А, впрочем, я мысленно одёрнула себя, мне грех было жаловаться. Меня здесь никто не обижал, кормили, не нагружали тяжелой работой, а, главное, ни один из этих цыган не смел приблизиться ко мне. Думаю, именно поэтому Данила и поселил меня в своём шатре. Жизнь научила быть благодарной даже за мельчайшие поступки, поэтому, когда я вышла к нему и увидела полуголого с зияющей насквозь раной, то от неожиданности всплеснула руками и пошла к ведру с холодной водой. Долго искала глазами чистые тряпки, и так и не найдя и не желая выходить из шатра, оторвала от подола своей ночной рубашки кусок ткани, подхватила иголку с ниткой и подошла к Дане.

– Мне нужно, чтобы вы сели.

Подождала, пока он сядет на стул, и стала осторожно протирать тряпкой кровь.

Отец всегда говорил, что Бог создал женщин для услады мужских глаз, что удел женщины лишь радовать своего мужа и смиренно ждать его дома, устраивая семейный очаг.

А еще я не знала, что в современном мире мужчина может сражаться каждый день за свою жизнь, выживать в нечеловеческих условиях. Что он может повести за собой десятки людей и вдохновить их на подвиги не просто слезливыми речами, а собственным примером.

Огромные мужчины беспрекословно подчинялись любым командам своего цыганского предводителя, молча следуя за ним. Все разговоры о нем были пропитаны искренним благоговением и восторгом, на который только способен человек. И с каждым днём я всё чаще ловила себя на мысли, что и сама невольно восхищаюсь Данилой. Тем, как он мог взглядом поставить на место любого зарвавшегося цыгана. Или тем, как поровну делил награбленное даже между теми, кто не участвовал. Как справедливо решал любые конфликты, без которых тяжело было бы представить столь многочисленный табор.

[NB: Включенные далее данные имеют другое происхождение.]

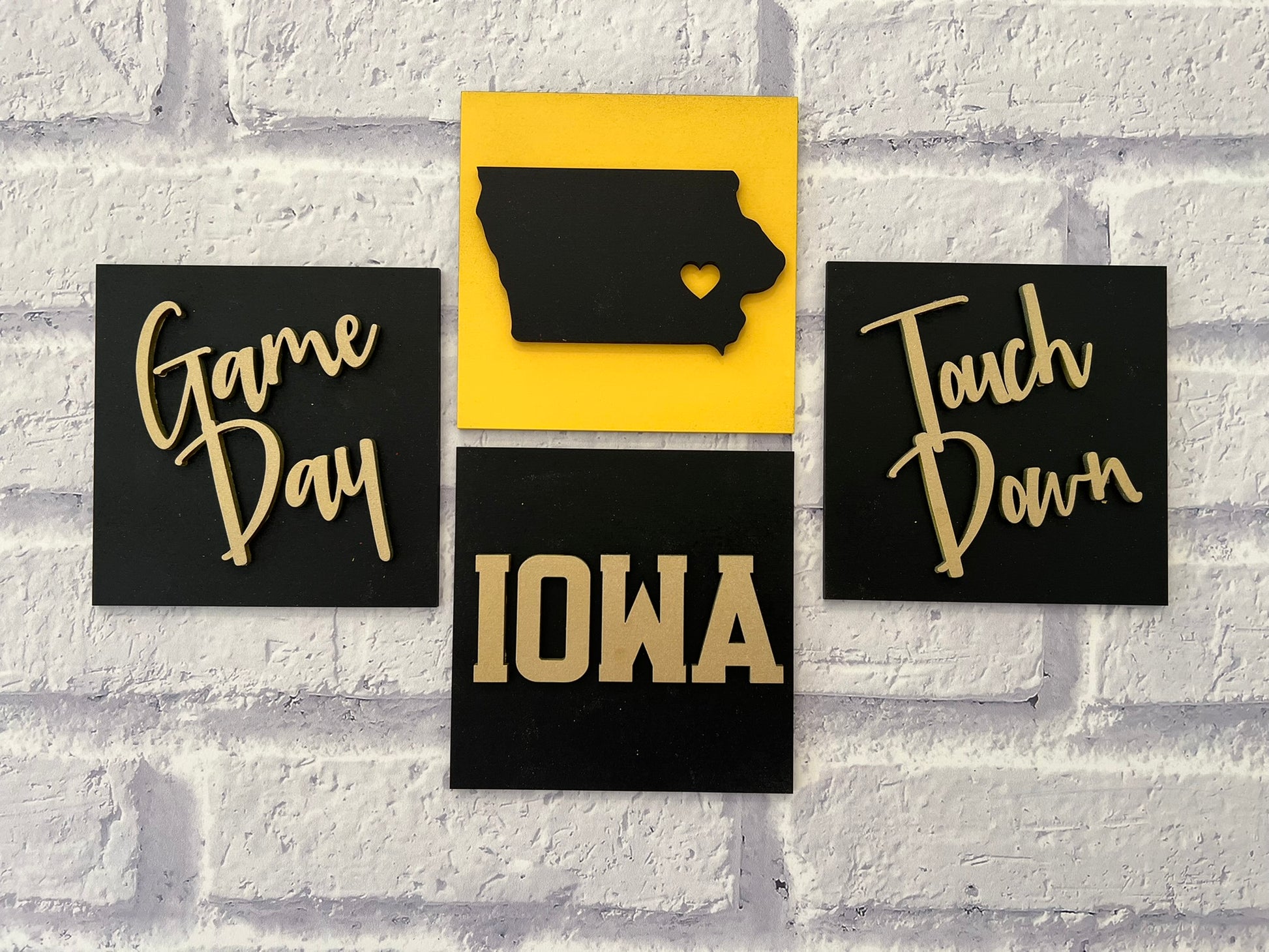 Original Designs by Jodie Hand ~ Mrs. Hand Painted. A small collection of Iowa State and Iowa themed interchangeable leaning ladder tiles. Each sold individually. Choose from a variety of styles. This collection is called "Iowa State and Iowa" and has 5 options to choose and two color themes: State with Heart, Game Day, Touch Down, Hilton Magic and Iowa State (or Iowa)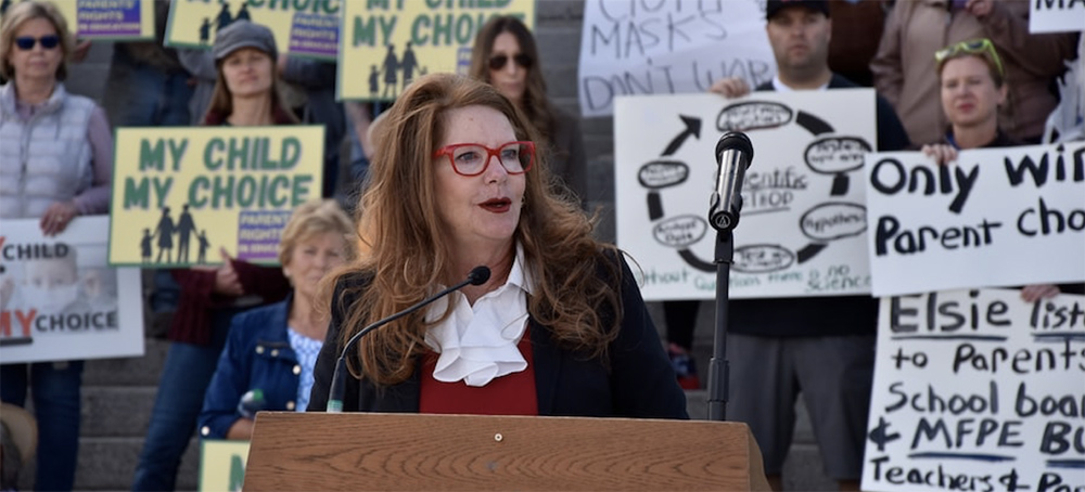 A superintendent speaks at a rally opposing mask requirements in schools in front of the state Capitol in Helena, Mont. (photo: Iris Samuels/AP)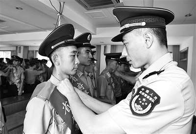 昨天上午,担负省府警卫任务的武警杭州支队十七中队举行退役士兵离队仪式。数十位老兵脱下戎装、泪别警营。

Да, я старалась не общаться с ним и его приспешниками, но я слушала и слышала всё, что происходило вокруг.

Я откинула волосы на одно плечо и склонилась к его руке, аккуратно проводя тряпкой по краям раны. Я ожидала, что Дани хотя бы зашипит или скривится, но он, не моргая, смотрел на мою руку.

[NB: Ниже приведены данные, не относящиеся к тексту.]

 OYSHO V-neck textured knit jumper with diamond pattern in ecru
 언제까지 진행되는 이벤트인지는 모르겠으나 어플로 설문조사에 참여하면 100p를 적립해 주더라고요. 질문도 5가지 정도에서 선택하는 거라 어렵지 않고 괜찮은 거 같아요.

– Я училась в универе на врача…пока отец не обанкротился. Раны промывать и зашивать я умею, не бойтесь.

Не смогла промолчать, меня раздражало недоверие в его глазах. А еще… я всегда говорила с ним на «вы» это его обезоруживало. Я видела.

***

Бояться? Нет, я не боялся. Я чертовую тучу лет ничего не боюсь. Со мной делали такое, что вот эта царапина – сущая ерунда. На моем теле столько шрамов, что иногда мой друн Бек говорил, что на мне отметин больше, чем на дворовой псине.

Я смотрел на тонкие руки девушки и чувствовал, как от ее осторожных прикосновений по телу расползаются мурашки. Хотелось сжать ее запястье и сказать, чтоб не нежничала, а промывала и шила, да побыстрей… и не мог. Ко мне давно никто не прикасался вот так. Я привык к рукам Буна, а он был грубым и быстрым, как и положено настоящему вояке-цыгану.

Пару раз меня штопали мои любовницы, но и там было предельно ясно, чем все закончится. После едкой боли мне непременно нужно было кого-то отыметь. Да так, чтоб чужую боль сожрать, тогда своя притуплялась. Я боялся, что на эту тихоню наброшусь, а потом она меня ещё сильнее возненавидит…да и я себя. За насилие.

С этой девчонкой изначально все было не так. Она просто другая. Все в ней другое: и манера говорить, и красота ее такая нежная и в то же время ослепительная. Глаза особенно, как два темных омута. Она мне нравилась, несмотря на пропасть между нами. Нравилась тем, что не ныла и ни одной истерики не устроила. Я ожидал, что с ней будут проблемы, но их не было…Проблемы постепенно возникали у меня.